Pictures aside, copy every record word for word.

================

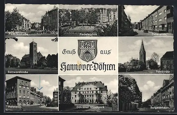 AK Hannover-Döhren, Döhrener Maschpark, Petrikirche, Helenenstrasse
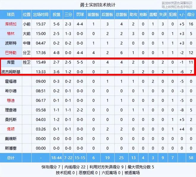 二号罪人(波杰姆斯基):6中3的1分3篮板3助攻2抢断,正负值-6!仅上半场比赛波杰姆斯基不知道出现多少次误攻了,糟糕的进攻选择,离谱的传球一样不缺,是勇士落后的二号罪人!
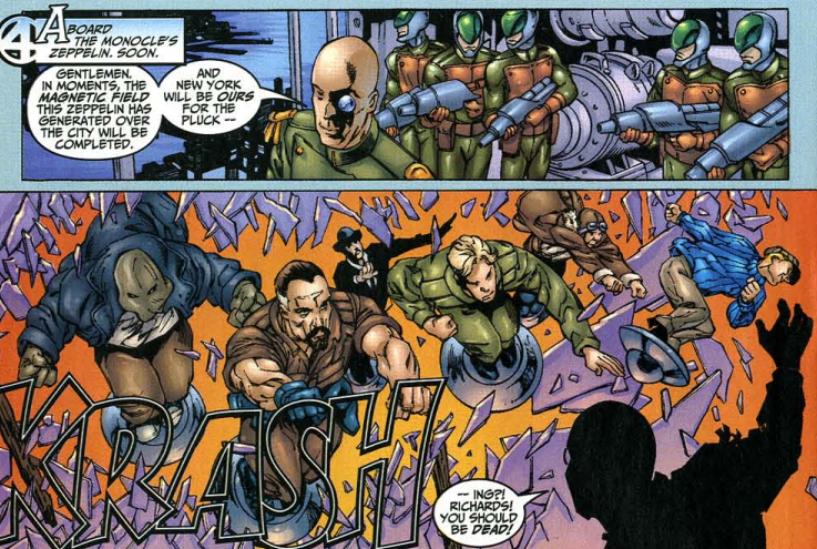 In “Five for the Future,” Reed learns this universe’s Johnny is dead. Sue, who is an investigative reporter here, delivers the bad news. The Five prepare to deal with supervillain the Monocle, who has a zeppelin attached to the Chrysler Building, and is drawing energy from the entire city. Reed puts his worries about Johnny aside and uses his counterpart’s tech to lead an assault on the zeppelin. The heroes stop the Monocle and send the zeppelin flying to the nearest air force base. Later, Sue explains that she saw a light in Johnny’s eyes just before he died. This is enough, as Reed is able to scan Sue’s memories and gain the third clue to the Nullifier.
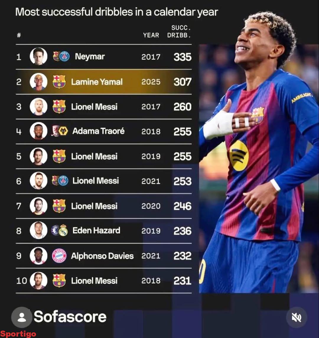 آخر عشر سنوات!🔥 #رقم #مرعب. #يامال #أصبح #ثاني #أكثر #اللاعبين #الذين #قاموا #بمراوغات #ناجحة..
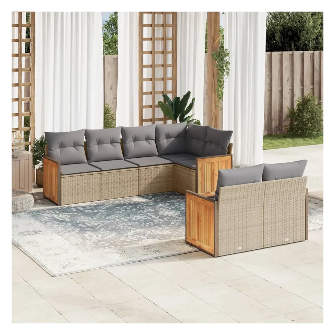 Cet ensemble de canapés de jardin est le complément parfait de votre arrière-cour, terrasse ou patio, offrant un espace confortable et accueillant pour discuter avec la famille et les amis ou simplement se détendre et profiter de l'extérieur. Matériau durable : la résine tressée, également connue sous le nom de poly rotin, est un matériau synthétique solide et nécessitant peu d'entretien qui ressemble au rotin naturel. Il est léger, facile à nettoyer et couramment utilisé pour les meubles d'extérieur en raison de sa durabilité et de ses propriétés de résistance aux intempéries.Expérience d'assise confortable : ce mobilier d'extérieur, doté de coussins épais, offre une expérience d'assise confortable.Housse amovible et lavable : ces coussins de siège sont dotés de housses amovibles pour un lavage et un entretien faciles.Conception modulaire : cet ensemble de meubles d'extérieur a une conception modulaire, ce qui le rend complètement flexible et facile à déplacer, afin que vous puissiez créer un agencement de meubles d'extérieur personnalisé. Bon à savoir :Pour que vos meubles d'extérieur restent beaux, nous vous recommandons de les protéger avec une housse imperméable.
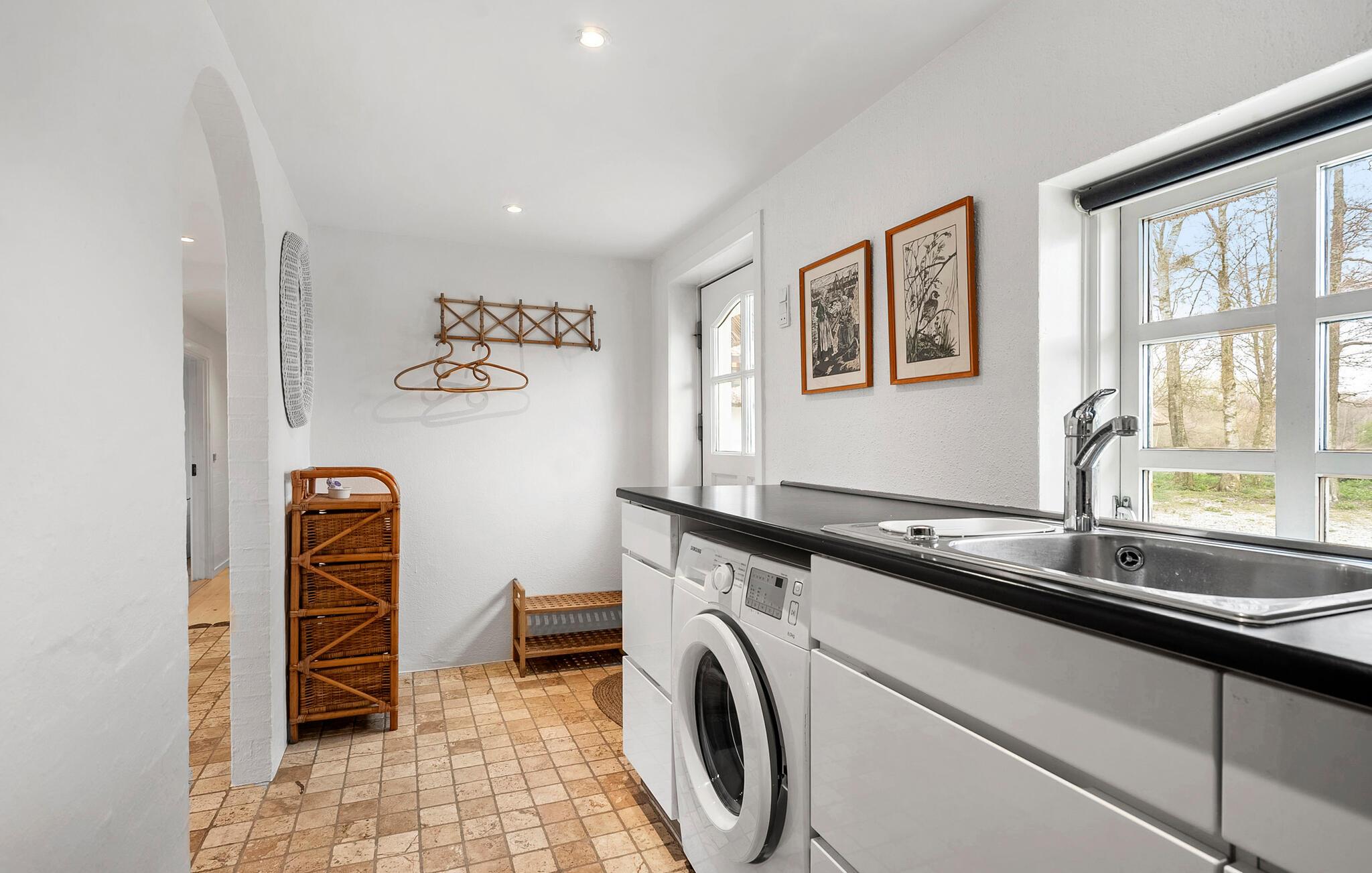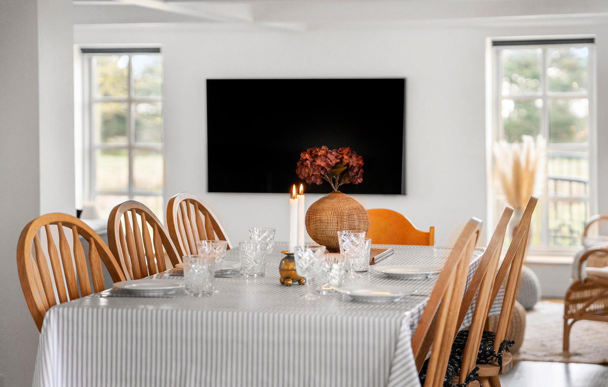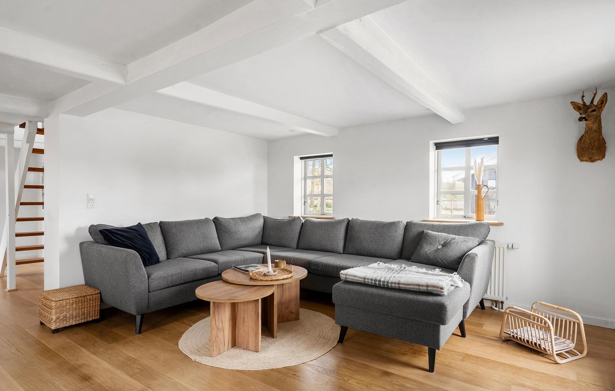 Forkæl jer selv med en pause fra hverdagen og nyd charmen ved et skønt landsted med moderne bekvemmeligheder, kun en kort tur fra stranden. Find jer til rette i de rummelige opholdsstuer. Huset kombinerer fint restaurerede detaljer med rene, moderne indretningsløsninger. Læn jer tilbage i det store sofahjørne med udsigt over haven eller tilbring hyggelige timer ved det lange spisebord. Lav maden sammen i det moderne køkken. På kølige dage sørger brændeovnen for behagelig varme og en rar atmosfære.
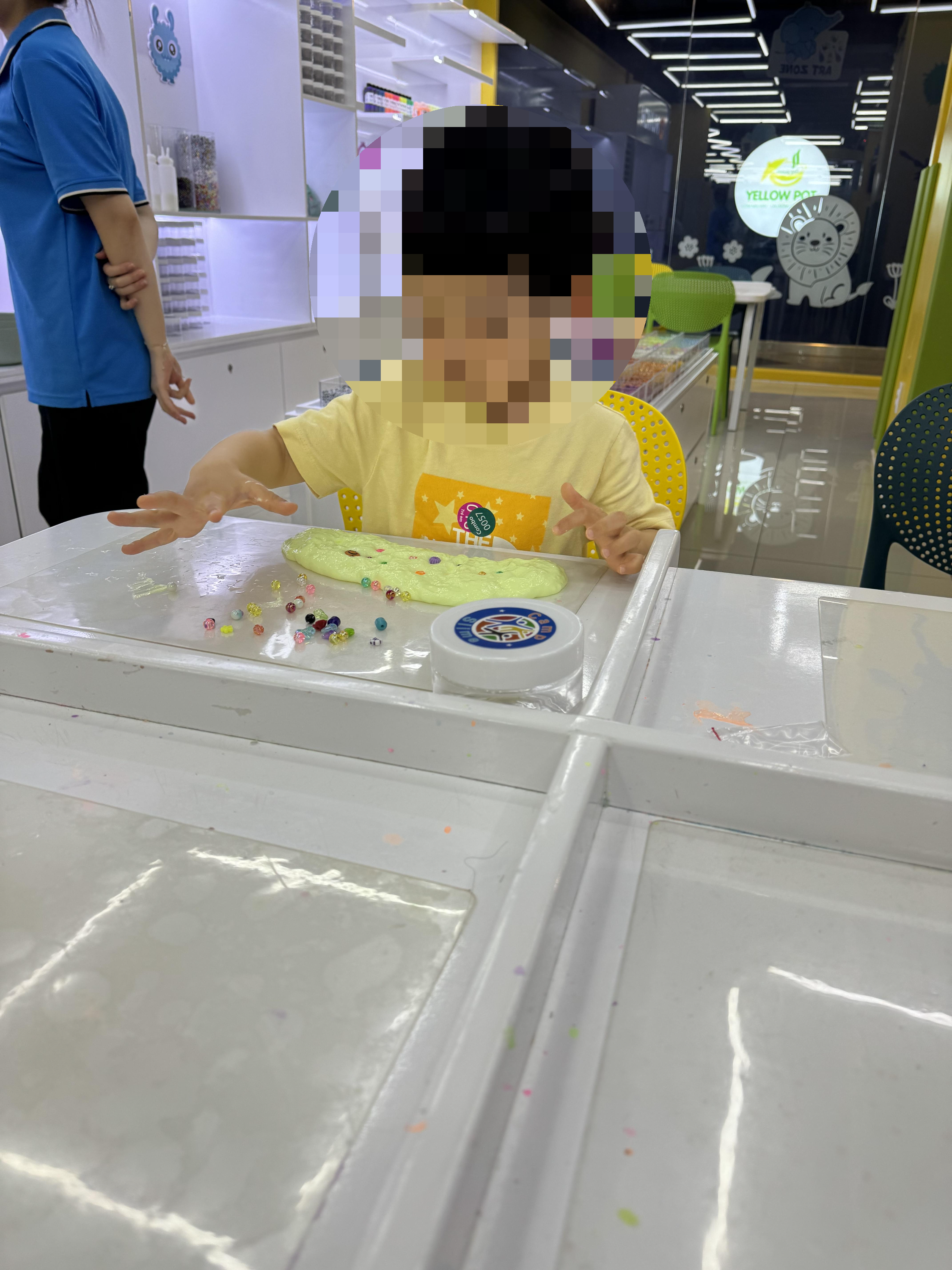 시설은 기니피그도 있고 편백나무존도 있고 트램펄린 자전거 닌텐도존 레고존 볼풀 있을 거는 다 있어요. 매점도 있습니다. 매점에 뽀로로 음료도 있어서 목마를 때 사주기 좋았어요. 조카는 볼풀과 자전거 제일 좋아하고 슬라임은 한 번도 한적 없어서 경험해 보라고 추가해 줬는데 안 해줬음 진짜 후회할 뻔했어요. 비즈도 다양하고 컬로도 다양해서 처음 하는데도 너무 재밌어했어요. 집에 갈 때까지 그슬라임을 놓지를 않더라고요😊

================

— Output for this task —
 AK Hannover-Döhren, Döhrener Maschpark, Petrikirche, Helenenstrasse
 二号罪人(波杰姆斯基):6中3的1分3篮板3助攻2抢断,正负值-6!仅上半场比赛波杰姆斯基不知道出现多少次误攻了,糟糕的进攻选择,离谱的传球一样不缺,是勇士落后的二号罪人!
 In “Five for the Future,” Reed learns this universe’s Johnny is dead. Sue, who is an investigative reporter here, delivers the bad news. The Five prepare to deal with supervillain the Monocle, who has a zeppelin attached to the Chrysler Building, and is drawing energy from the entire city. Reed puts his worries about Johnny aside and uses his counterpart’s tech to lead an assault on the zeppelin. The heroes stop the Monocle and send the zeppelin flying to the nearest air force base. Later, Sue explains that she saw a light in Johnny’s eyes just before he died. This is enough, as Reed is able to scan Sue’s memories and gain the third clue to the Nullifier.
 آخر عشر سنوات!🔥 #رقم #مرعب. #يامال #أصبح #ثاني #أكثر #اللاعبين #الذين #قاموا #بمراوغات #ناجحة..
 Cet ensemble de canapés de jardin est le complément parfait de votre arrière-cour, terrasse ou patio, offrant un espace confortable et accueillant pour discuter avec la famille et les amis ou simplement se détendre et profiter de l'extérieur. Matériau durable : la résine tressée, également connue sous le nom de poly rotin, est un matériau synthétique solide et nécessitant peu d'entretien qui ressemble au rotin naturel. Il est léger, facile à nettoyer et couramment utilisé pour les meubles d'extérieur en raison de sa durabilité et de ses propriétés de résistance aux intempéries.Expérience d'assise confortable : ce mobilier d'extérieur, doté de coussins épais, offre une expérience d'assise confortable.Housse amovible et lavable : ces coussins de siège sont dotés de housses amovibles pour un lavage et un entretien faciles.Conception modulaire : cet ensemble de meubles d'extérieur a une conception modulaire, ce qui le rend complètement flexible et facile à déplacer, afin que vous puissiez créer un agencement de meubles d'extérieur personnalisé. Bon à savoir :Pour que vos meubles d'extérieur restent beaux, nous vous recommandons de les protéger avec une housse imperméable.
 Forkæl jer selv med en pause fra hverdagen og nyd charmen ved et skønt landsted med moderne bekvemmeligheder, kun en kort tur fra stranden. Find jer til rette i de rummelige opholdsstuer. Huset kombinerer fint restaurerede detaljer med rene, moderne indretningsløsninger. Læn jer tilbage i det store sofahjørne med udsigt over haven eller tilbring hyggelige timer ved det lange spisebord. Lav maden sammen i det moderne køkken. På kølige dage sørger brændeovnen for behagelig varme og en rar atmosfære.
 시설은 기니피그도 있고 편백나무존도 있고 트램펄린 자전거 닌텐도존 레고존 볼풀 있을 거는 다 있어요. 매점도 있습니다. 매점에 뽀로로 음료도 있어서 목마를 때 사주기 좋았어요. 조카는 볼풀과 자전거 제일 좋아하고 슬라임은 한 번도 한적 없어서 경험해 보라고 추가해 줬는데 안 해줬음 진짜 후회할 뻔했어요. 비즈도 다양하고 컬로도 다양해서 처음 하는데도 너무 재밌어했어요. 집에 갈 때까지 그슬라임을 놓지를 않더라고요😊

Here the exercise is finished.